My 4 teens put make up on to look older (as if they were in their prime years -19 to 25 ish) NOT to look younger.
I don't know any 16 year olds who want to look younger and not many 35 year olds who want to look older.

People who are content with their looks, are either in the peak (20's like Lily), or very confident with who they are.

Lily Catherine
03-21-2017, 09:28 AM
Thanks once again for all your comments.

Rachel - I don't dispute your suggestion that there's a "prime" band of ages which one would tend to strive to look. I'm probably one of those who looks slightly older, but to my credit I'm older than I look when in drab, which has already led to questions and a bit of questioning when I was seen smoking.

Teresa - I think in an ideal world, make-up is meant to make the wearer feel good about how he or she looks, although a good part of it (concealer etc.) is clearly meant to cover up blemishes and flaws - some of which seem to come inevitably with age. I recognise, however, that it's seen to become an unwritten requirement amongst women (not that it should be), and inevitable in most parts of the MtF trans* community.

Ellen - I agree with you wholeheartedly that age shouldn't really be an obstacle to being (if not staying?) beautiful all the same. (I still think it was very outlandish of me to actually wear ballet slippers and a tutu, although even I thought the entire setup was so pretty.)

Sherry - I think I've seen you unmasked before. You're actually gorgeous. I mean it.
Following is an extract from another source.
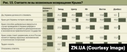 Якщо 62,8% українців впевнені, що треба воювати за Донбас, то охочих боротися за Крим менше. Погодилися з тим, що півострів необхідно відвоювати, лише 18,5% опитаних. У Донецькій і Харківській областях цю боротьбу вважають марною, на відміну від Галичини.

I for one am, at least for now, of the opinion that youngsters like myself are, for the most part, accidents of nature - beautiful old people, as Eleanor Roosevelt mentioned, are all the more works of art. Although I'm damned grateful that I'm probably going to be older than I look for the rest of my life, even if it admittedly kind of sucked when I began drinking, smoking and driving (though not all at the same time, obviously.)